● **RECORDS FOR THIS TASK**:
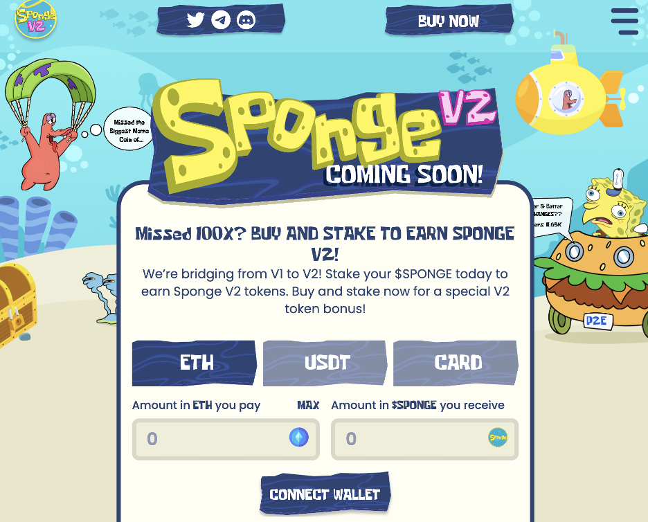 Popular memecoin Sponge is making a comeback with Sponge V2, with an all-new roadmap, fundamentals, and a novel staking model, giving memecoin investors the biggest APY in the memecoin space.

...

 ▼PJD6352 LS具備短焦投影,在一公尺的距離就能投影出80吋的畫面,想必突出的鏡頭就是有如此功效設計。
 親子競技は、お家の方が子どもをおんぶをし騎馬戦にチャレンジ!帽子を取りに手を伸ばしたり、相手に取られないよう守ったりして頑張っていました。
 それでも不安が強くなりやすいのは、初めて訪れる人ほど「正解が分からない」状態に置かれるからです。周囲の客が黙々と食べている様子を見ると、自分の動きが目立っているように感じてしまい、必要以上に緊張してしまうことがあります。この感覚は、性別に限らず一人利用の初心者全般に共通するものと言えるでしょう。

---

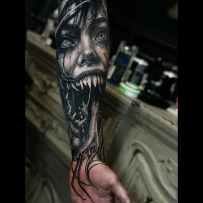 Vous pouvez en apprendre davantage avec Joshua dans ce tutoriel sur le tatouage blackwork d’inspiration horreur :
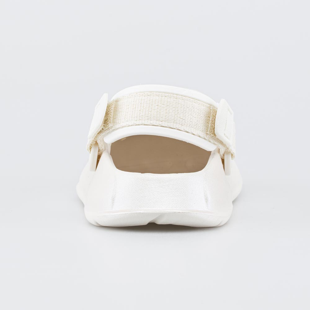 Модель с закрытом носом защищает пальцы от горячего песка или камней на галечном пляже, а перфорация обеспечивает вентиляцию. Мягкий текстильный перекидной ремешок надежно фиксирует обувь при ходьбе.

● **EXERCISE**:
All lines above from the one with "親子競技は、お家の方が子ども" to the one with "それでも不安が強くなりやすい", inclusive, should be copied exactly, and no other lines.

● **ANSWER FOR THIS EXERCISE**:
 親子競技は、お家の方が子どもをおんぶをし騎馬戦にチャレンジ!帽子を取りに手を伸ばしたり、相手に取られないよう守ったりして頑張っていました。
 それでも不安が強くなりやすいのは、初めて訪れる人ほど「正解が分からない」状態に置かれるからです。周囲の客が黙々と食べている様子を見ると、自分の動きが目立っているように感じてしまい、必要以上に緊張してしまうことがあります。この感覚は、性別に限らず一人利用の初心者全般に共通するものと言えるでしょう。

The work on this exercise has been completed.